In Texas, the battle for the sanctuary movement is intensifying across different levels of government
Austin councilwoman Garza says families are being torn apart because of deportations (MEE/ Ali Harb)

AUSTIN, Texas - In deep red Texas, where President Donald Trump beat Hillary Clinton by nine percentage points, groups and municipalities are battling for the right to protect immigrants from the federal government’s wrath.

Austin is the seat of Travis County, where sheriff Sally Hernandez has refused to detain undocumented immigrants based on the request of Immigration and Customs Enforcement (ICE) without a court order.

While Trump has vowed to pull federal funding from local governments refusing to enforce his crackdown on immigrants, it was Republican Texas Governor Greg Abbott who withdrew a $1.5m law enforcement grant from Travis County.

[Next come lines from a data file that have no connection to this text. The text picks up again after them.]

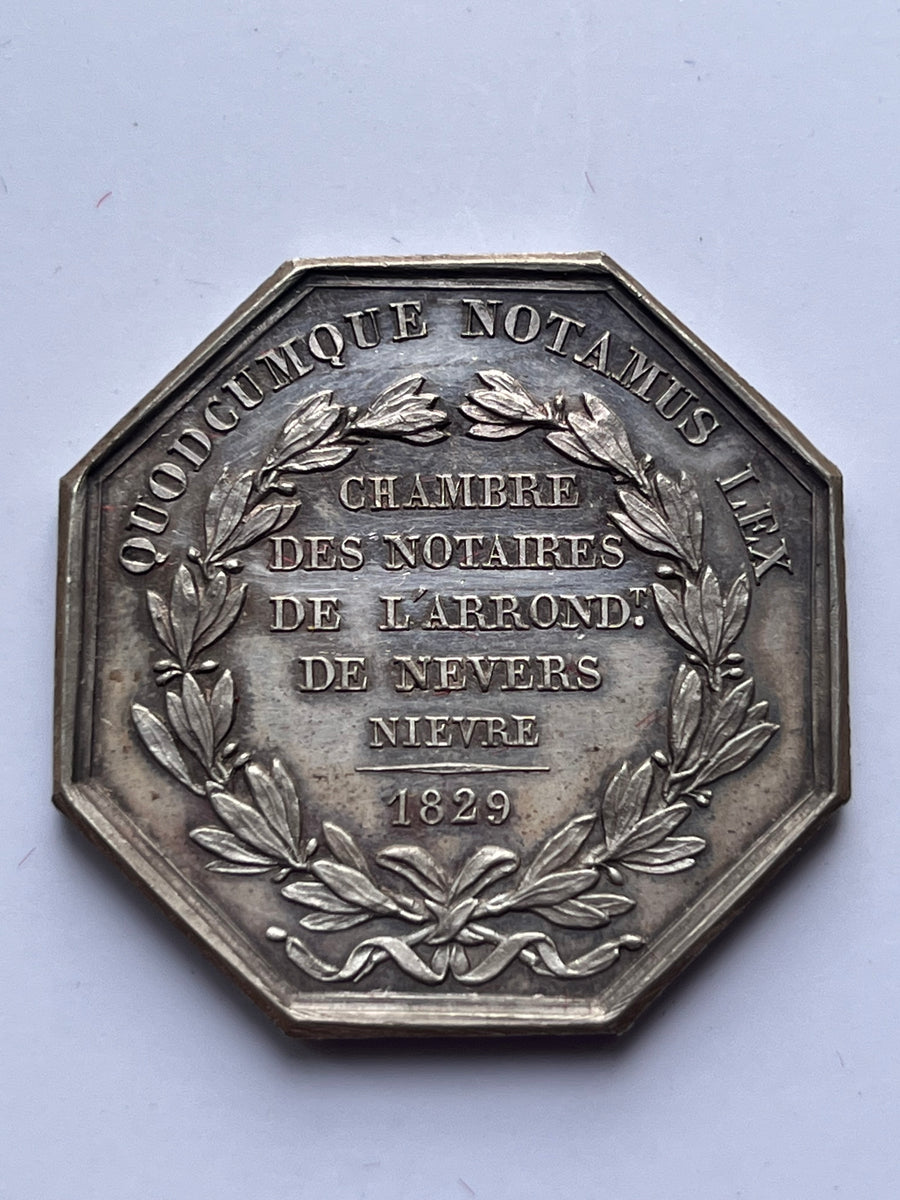 1 silver token, notary, nevers of borrel horn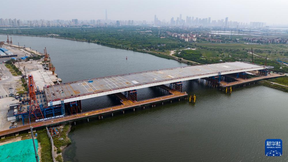 这是9月16日拍摄的天津市滨海新区西中环快速路跨海河桥工程建设现场(无人机照片)。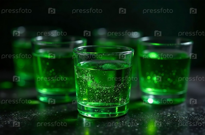 Стакан абсента темный фон. Фото напитка бар ресторан. Генеративный искусственный интеллект
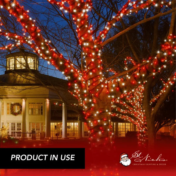 Transform your decor with our 5mm Red and Cool White Twinkle LED Mini Lights on Green Wire. Each box contains 25 strands, each featuring 50 twinkling lights spaced 6 inches apart. These enchanting lights, in red and cool white, create a stunning and festive atmosphere for any occasion.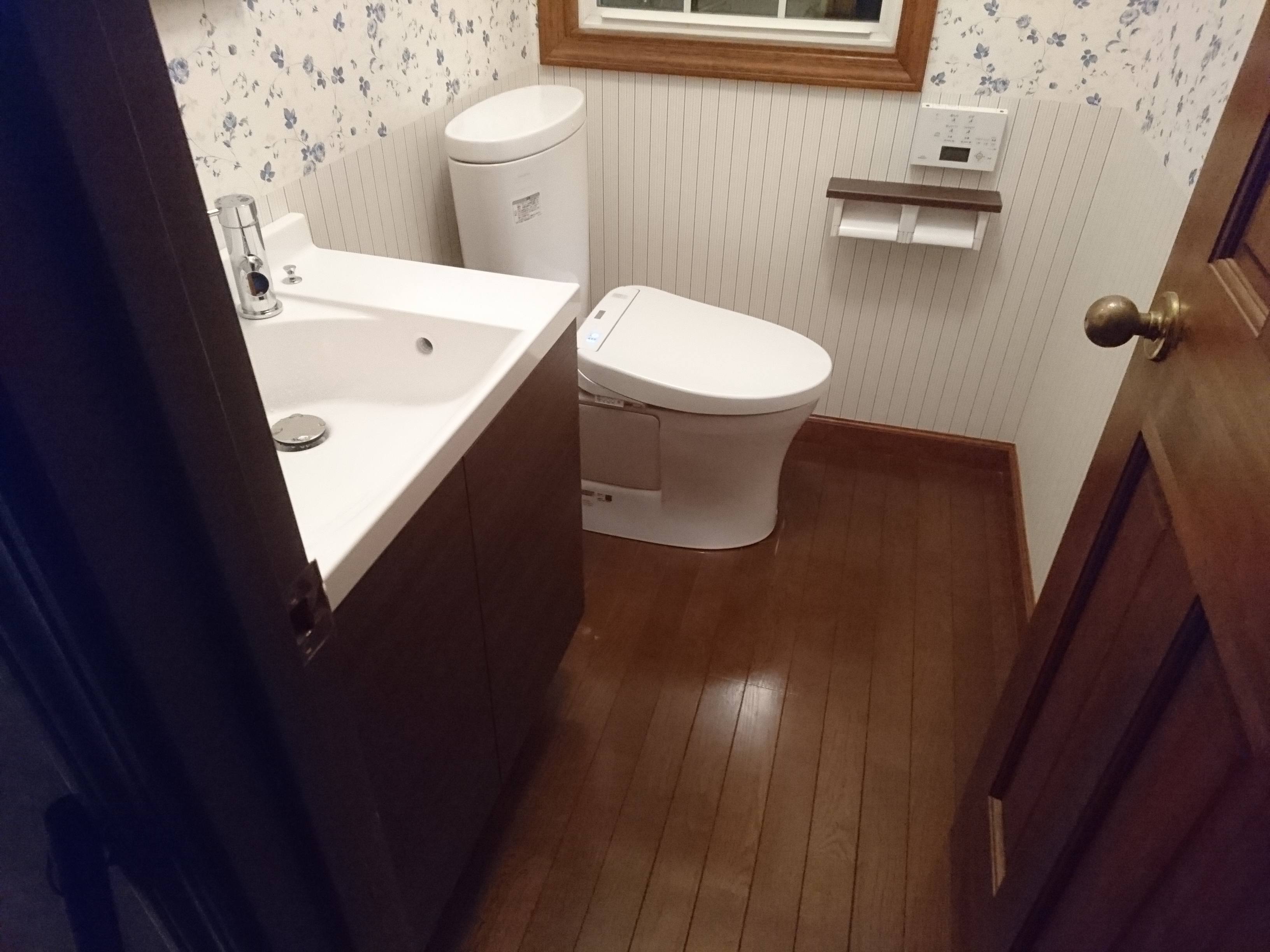 トイレにはコンパクト洗面化粧台を取り付けたので、おしゃれで使い勝手の良いトイレになりました。節水タイプのトイレは家計にも優しいのでおススメです。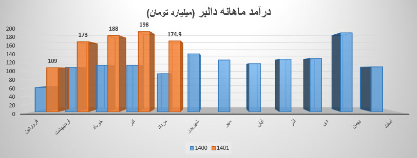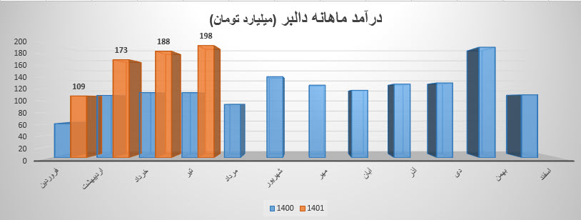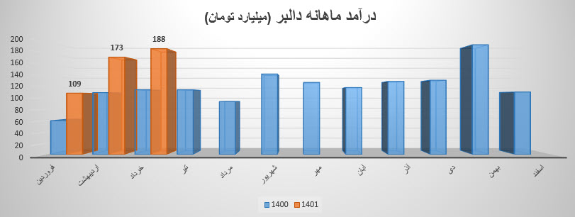 سهم دالبر در خرداد ماه 1401 معادل مبلغ 188.3 میلیارد تومان درآمد داشته که نسبت به ماه قبل 9% افزایش و نسبت به میانگین ماه های قبل 33% افزایش و نسبت به دوره 1 ماهه مشابه سال قبل 64% افزایش درآمد داشته است.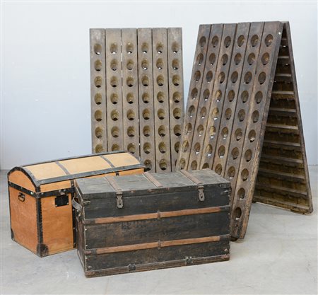 Lotto composto da due bottigliere e due vecchi bauli in legno e metallo...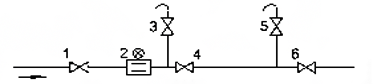 1, 4, 6截止閥; 2 流量傳感器 3, 5 泄漏監視閥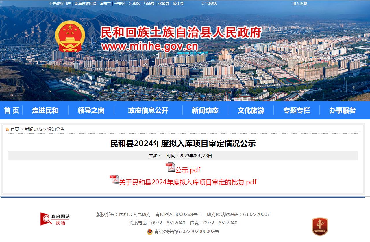 关于民和县2024年度拟入库项目审定的批复.pdf

Here, at a crossroad where different levels of US government intertwine, the battle for the sanctuary movement is intensifying.

There is no set legal definition for the term “sanctuary”, whether it is a city or a college campus. The description has generally been used to describe municipalities that pass measures to give undocumented immigrants a sense of residential safety in the face of a federal crackdown.

In Austin, the Texas capital, rights organisations and city officials have expressed support for the sheriff, while activists have been establishing networks to make the city a place where immigrants can live with minimal fear.

'Welcoming city'

Austin councilwoman Delia Garza said she stands fully with Sheriff Hernandez’s decision.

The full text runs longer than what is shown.